• Saved entries:
————

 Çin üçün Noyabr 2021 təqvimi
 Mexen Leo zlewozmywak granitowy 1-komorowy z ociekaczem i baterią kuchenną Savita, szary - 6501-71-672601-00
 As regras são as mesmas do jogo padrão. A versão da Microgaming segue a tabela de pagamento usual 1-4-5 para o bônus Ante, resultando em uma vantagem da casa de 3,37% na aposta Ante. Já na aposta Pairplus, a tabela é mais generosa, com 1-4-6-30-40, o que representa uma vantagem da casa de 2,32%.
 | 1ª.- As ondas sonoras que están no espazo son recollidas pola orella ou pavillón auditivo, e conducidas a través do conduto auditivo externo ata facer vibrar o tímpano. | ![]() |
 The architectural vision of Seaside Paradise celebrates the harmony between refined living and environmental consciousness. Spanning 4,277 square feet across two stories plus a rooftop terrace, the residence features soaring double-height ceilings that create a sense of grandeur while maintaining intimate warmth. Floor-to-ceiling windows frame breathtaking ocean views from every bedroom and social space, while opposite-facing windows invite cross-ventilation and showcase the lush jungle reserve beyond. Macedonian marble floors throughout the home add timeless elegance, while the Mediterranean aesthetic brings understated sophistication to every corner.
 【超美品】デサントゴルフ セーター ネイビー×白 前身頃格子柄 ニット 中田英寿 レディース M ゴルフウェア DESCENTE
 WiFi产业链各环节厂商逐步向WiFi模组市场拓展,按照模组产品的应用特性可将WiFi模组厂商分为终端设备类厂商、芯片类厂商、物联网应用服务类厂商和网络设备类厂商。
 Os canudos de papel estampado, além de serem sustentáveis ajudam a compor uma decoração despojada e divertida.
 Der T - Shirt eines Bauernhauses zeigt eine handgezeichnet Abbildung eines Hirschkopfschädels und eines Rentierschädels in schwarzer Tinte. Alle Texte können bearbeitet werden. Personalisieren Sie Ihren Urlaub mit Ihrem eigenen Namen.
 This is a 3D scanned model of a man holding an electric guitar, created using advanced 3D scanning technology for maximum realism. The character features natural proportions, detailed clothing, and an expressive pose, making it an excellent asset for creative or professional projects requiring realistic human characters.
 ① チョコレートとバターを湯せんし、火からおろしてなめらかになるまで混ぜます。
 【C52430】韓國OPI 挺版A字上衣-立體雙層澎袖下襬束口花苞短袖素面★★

————

• Aim of the task: From the first line through the last, repeat the entries exactly.

• Written reply:
 Çin üçün Noyabr 2021 təqvimi
 Mexen Leo zlewozmywak granitowy 1-komorowy z ociekaczem i baterią kuchenną Savita, szary - 6501-71-672601-00
 As regras são as mesmas do jogo padrão. A versão da Microgaming segue a tabela de pagamento usual 1-4-5 para o bônus Ante, resultando em uma vantagem da casa de 3,37% na aposta Ante. Já na aposta Pairplus, a tabela é mais generosa, com 1-4-6-30-40, o que representa uma vantagem da casa de 2,32%.
 | 1ª.- As ondas sonoras que están no espazo son recollidas pola orella ou pavillón auditivo, e conducidas a través do conduto auditivo externo ata facer vibrar o tímpano. | ![]() |
 The architectural vision of Seaside Paradise celebrates the harmony between refined living and environmental consciousness. Spanning 4,277 square feet across two stories plus a rooftop terrace, the residence features soaring double-height ceilings that create a sense of grandeur while maintaining intimate warmth. Floor-to-ceiling windows frame breathtaking ocean views from every bedroom and social space, while opposite-facing windows invite cross-ventilation and showcase the lush jungle reserve beyond. Macedonian marble floors throughout the home add timeless elegance, while the Mediterranean aesthetic brings understated sophistication to every corner.
 【超美品】デサントゴルフ セーター ネイビー×白 前身頃格子柄 ニット 中田英寿 レディース M ゴルフウェア DESCENTE
 WiFi产业链各环节厂商逐步向WiFi模组市场拓展,按照模组产品的应用特性可将WiFi模组厂商分为终端设备类厂商、芯片类厂商、物联网应用服务类厂商和网络设备类厂商。
 Os canudos de papel estampado, além de serem sustentáveis ajudam a compor uma decoração despojada e divertida.
 Der T - Shirt eines Bauernhauses zeigt eine handgezeichnet Abbildung eines Hirschkopfschädels und eines Rentierschädels in schwarzer Tinte. Alle Texte können bearbeitet werden. Personalisieren Sie Ihren Urlaub mit Ihrem eigenen Namen.
 This is a 3D scanned model of a man holding an electric guitar, created using advanced 3D scanning technology for maximum realism. The character features natural proportions, detailed clothing, and an expressive pose, making it an excellent asset for creative or professional projects requiring realistic human characters.
 ① チョコレートとバターを湯せんし、火からおろしてなめらかになるまで混ぜます。
 【C52430】韓國OPI 挺版A字上衣-立體雙層澎袖下襬束口花苞短袖素面★★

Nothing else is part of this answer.